In conclusion, I would like to make the following key points:
- I believe that the Web 2.0 companies have correctly/smartly recognized that their needs can be adequately satisfied by cheaper commodity based storage architecture.
- The traditional storage vendors can potentially de-couple their software from their proprietary hardware and provide the subset of functionality (in a lighter version of their product) that is required by the Web 2.0 customers to reduce costs. In other words, the storage companies can provide software-only solutions to the Web 2.0 customers.
- There are many other customers (for most companies their mission critical data) that require good performance and high availability. The current Web 2.0 architectures do not target these markets, and therefore, there is still a need for the boxes from the traditional storage vendors. In a nutshell, the traditional storage companies will continue to be in business.

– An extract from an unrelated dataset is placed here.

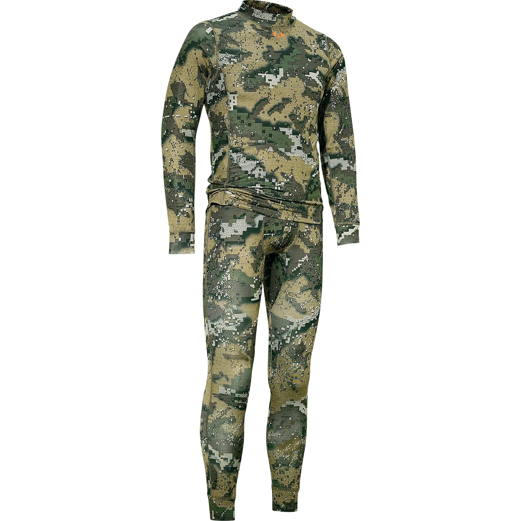 Rundhalset genser med tettsittende passform som sitter tett inntil kroppen. Lange underbukser med høy linning for å hindre at de sklir bak. Laget med det unike DESOLVE® Veil-kamuflasjemønsteret.

- There is also a need to design storage systems where based on policies one can re-configure the software characteristics such as the selection of a replication consistency model, or the selection of a buffer management mechanism etc. Business case will dictate whether the traditional storage vendors will pursue these options.
- The Web 2.0 companies can definitely use the Google storage model to provide storage hosting support for archival types of workloads. Since this is an important class of workloads, I anticipate that most of the traditional storage vendors will either get into the storage hosting business themselves, or will provide software based solutions that can work with commodity hardware which in turn will be used by storage hosting service companies.